Вместе с его отцом я поехала в тюрьму, вернее, в СИЗО (тогда мне были неведомы эти тонкости), и Варя рассвирепел.
— Ты зачем её притащил? — ругался он на приёмного отца.
Мягкий, интеллигентный (от Вари я узнала, что сосед — филолог, куратор какого-то музея, профессор кафедры зарубежной литературы, внук писателя), серый от горя, он поправил очки и извинился.
— А ты какого хрена припёрлась? — спросил он меня.
— Мы же друзья, — едва прошептала я. Таким злым я его никогда не видела.
— Мы не друзья, я тебе просто сосед. Убирайся и не смей приходить, — сказал Кир. — Никогда. Забудь, что ты меня знаешь. Забудь, как меня зовут. Забудь, что я существую.
Это было как пощёчина. Даже больнее, чем бабкина скакалка.
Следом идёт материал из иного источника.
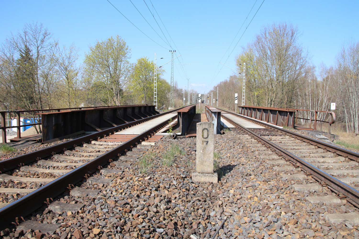 km 12,4 gehört zum Richtungsgleis der Görlitzer Bahn (6142) Über die Brücke führt das Gegenrichtungsgleis (lange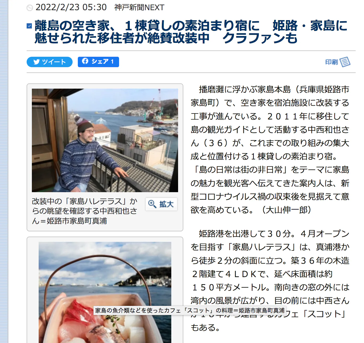 2022/02/23 16:00多謝!!2月1日から実施したこのチャレンジですが、多くの皆様からのご支援・ご協力により、チャレンジ期間を残して目標100%を達成することができました!本当にありがとうございました!!!チャレンジ期間は僕の誕生日である今月末までなんですがこれは、この日までに目標金額に到達していなかったら『誕生日なんでなんとかご協力ください〜』とみなさんに泣きつこうとと思っていました。。でもその必要がなく、また、こんな狡い僕を応援していただいた皆様には本当に感謝しかありません。*ご支援いただいた皆様には、チャレンジ期間終了後にメッセージにてリターン詳細について調整させてください!お待たせして申し訳ありません。チャレンジ終了まであと6日!たぶん最初で最期のクラファン挑戦!!この機会に、少しでも家島の魅力を知っていただけるようにもう少し頑張ります!!!また、先日ご紹介いたしました神戸新聞の記事がupされています。ご高覧ください。「離島の空き家、1棟貸しの素泊まり宿に 姫路・家島に魅せられた移住者が絶賛改装中 クラファンも」↓https://www.kobe-np.co.jp/news/himeji/202202/0015084976.shtml もっと見る

И куда хуже.
Он разбил мне сердце. Вдребезги. На мелкие куски. И, возможно, навсегда.
Но я подумала, что ему очень страшно, он зол, потому что испуган, и его простила.
Нет так нет, ему и без меня было кому носить передачи.
Варицкому дали три года (что-то групповое: то ли избили кого-то, то ли ограбили, то ли кинули).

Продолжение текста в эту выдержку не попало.